REQUIRED ACTION:
Write out the lines of the material below exactly, beginning at the line with "脑洞大师是一款休闲火爆的脑洞" and stopping after the line with "Die Saya (Scheide)", and leave out the pictures.

ENTRIES PROVIDED:
────────

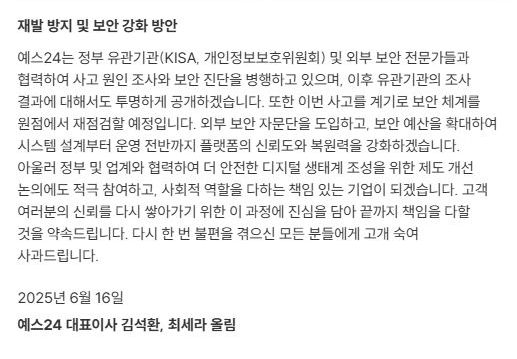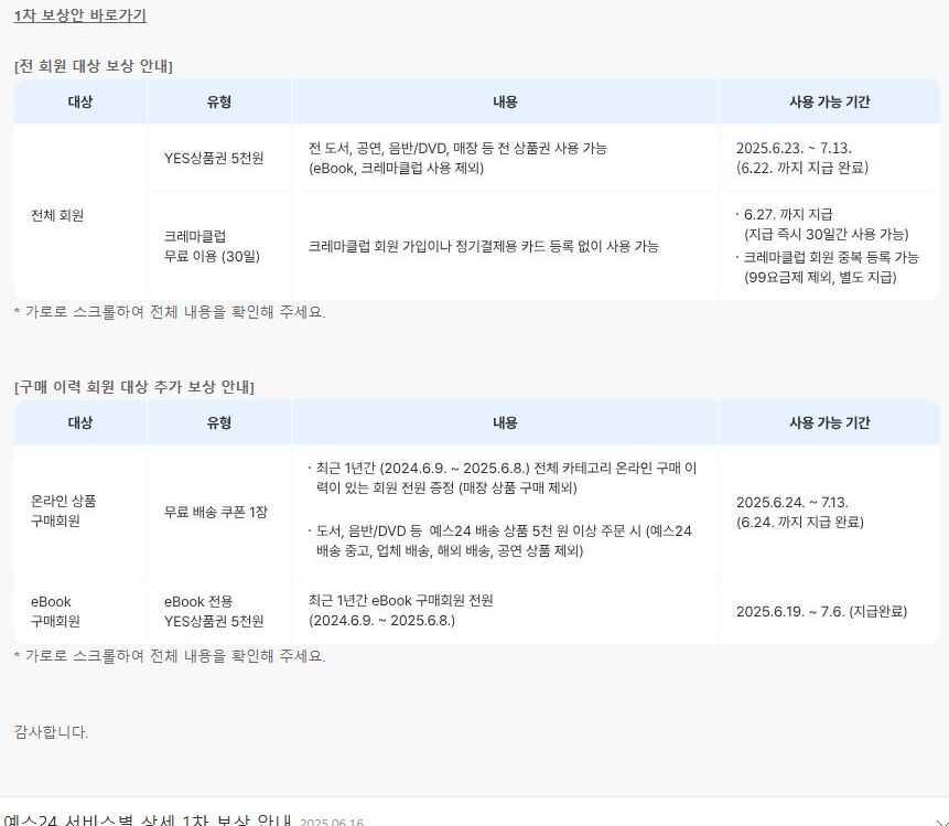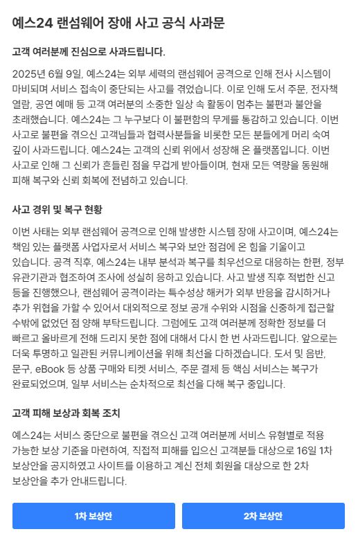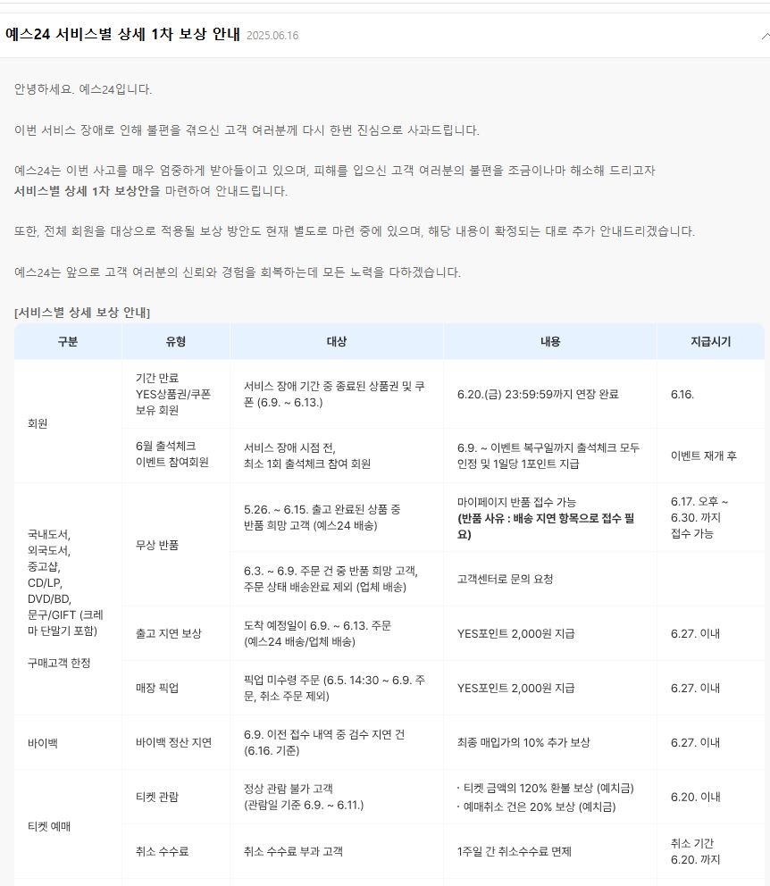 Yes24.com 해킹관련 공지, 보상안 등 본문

────────

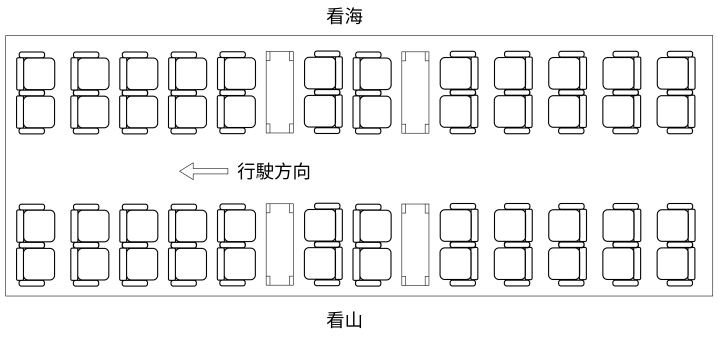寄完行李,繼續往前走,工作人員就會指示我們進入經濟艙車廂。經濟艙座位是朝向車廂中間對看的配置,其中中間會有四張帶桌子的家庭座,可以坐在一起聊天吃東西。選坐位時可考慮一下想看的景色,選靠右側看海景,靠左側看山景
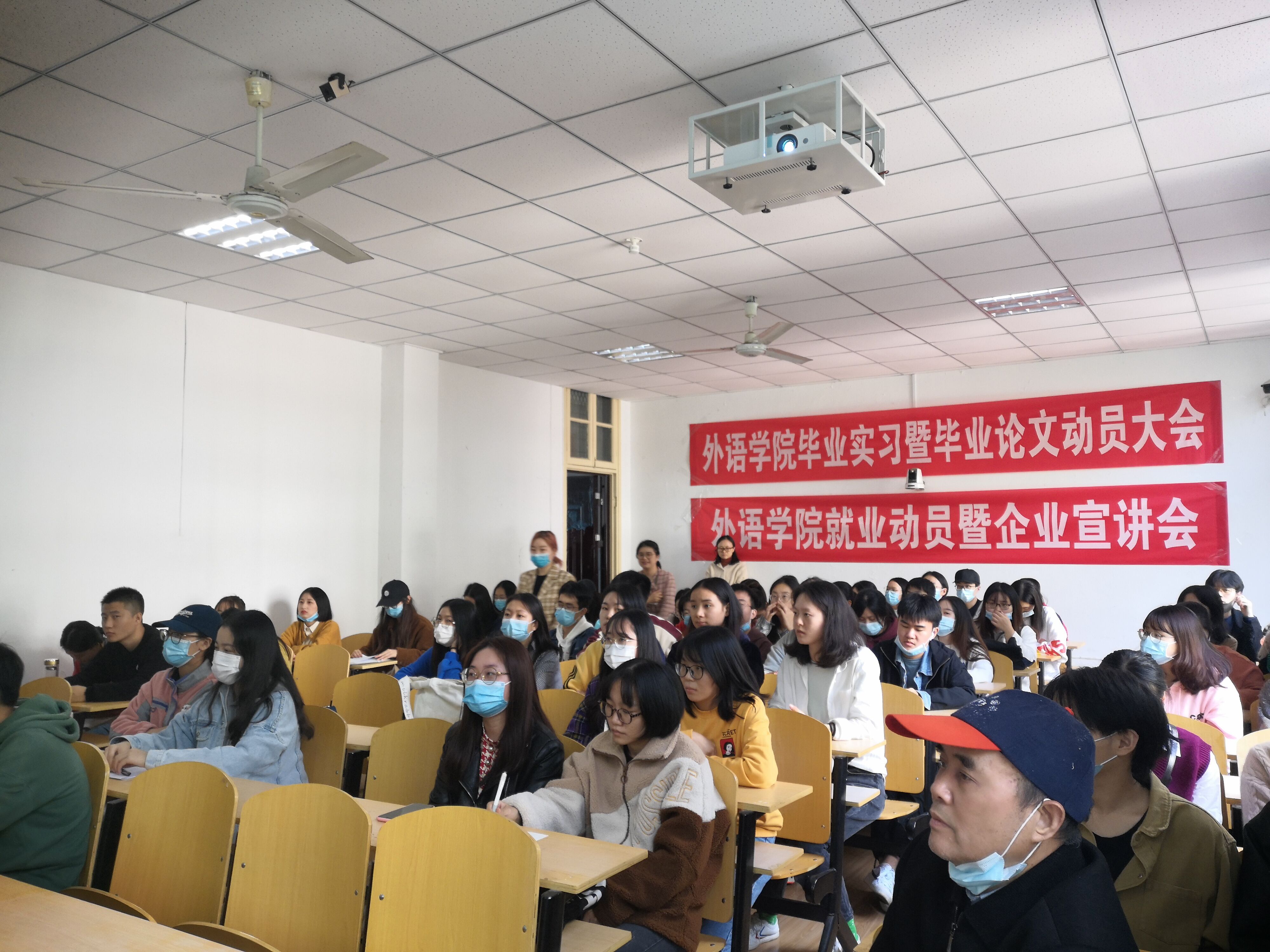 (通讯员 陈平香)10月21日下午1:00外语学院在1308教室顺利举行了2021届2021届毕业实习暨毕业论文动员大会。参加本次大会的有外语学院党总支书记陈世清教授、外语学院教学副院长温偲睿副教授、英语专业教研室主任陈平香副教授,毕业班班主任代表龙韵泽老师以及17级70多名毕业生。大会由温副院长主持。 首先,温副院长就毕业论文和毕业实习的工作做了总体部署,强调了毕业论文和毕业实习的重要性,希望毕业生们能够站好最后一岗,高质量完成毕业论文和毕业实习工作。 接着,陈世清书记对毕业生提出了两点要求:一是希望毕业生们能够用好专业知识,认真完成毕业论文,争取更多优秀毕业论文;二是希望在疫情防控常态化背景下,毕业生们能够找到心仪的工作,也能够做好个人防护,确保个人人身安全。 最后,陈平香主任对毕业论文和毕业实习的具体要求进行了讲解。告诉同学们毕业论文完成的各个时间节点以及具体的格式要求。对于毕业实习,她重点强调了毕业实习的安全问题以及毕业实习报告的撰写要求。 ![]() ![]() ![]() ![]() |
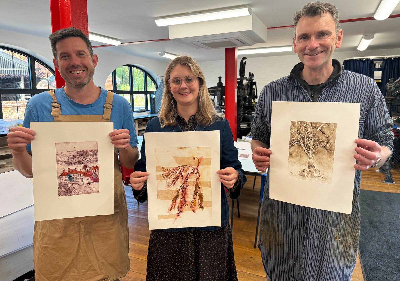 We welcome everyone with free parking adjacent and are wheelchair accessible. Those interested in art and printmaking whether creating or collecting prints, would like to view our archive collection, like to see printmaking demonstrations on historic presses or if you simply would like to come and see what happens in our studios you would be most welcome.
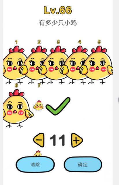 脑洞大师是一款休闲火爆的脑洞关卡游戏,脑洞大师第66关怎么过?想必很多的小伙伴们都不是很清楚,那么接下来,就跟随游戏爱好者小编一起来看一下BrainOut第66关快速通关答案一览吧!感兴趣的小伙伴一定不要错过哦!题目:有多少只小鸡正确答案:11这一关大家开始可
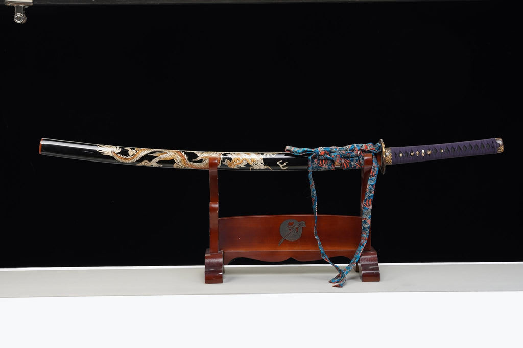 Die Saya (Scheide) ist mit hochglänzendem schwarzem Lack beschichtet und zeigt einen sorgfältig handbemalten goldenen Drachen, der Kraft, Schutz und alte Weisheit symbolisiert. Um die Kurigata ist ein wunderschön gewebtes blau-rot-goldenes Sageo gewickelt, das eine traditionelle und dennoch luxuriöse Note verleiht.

────────

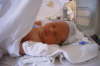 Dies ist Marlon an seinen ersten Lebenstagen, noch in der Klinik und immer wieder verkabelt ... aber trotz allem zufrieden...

────────

REPLY:
 脑洞大师是一款休闲火爆的脑洞关卡游戏,脑洞大师第66关怎么过?想必很多的小伙伴们都不是很清楚,那么接下来,就跟随游戏爱好者小编一起来看一下BrainOut第66关快速通关答案一览吧!感兴趣的小伙伴一定不要错过哦!题目:有多少只小鸡正确答案:11这一关大家开始可
 Die Saya (Scheide) ist mit hochglänzendem schwarzem Lack beschichtet und zeigt einen sorgfältig handbemalten goldenen Drachen, der Kraft, Schutz und alte Weisheit symbolisiert. Um die Kurigata ist ein wunderschön gewebtes blau-rot-goldenes Sageo gewickelt, das eine traditionelle und dennoch luxuriöse Note verleiht.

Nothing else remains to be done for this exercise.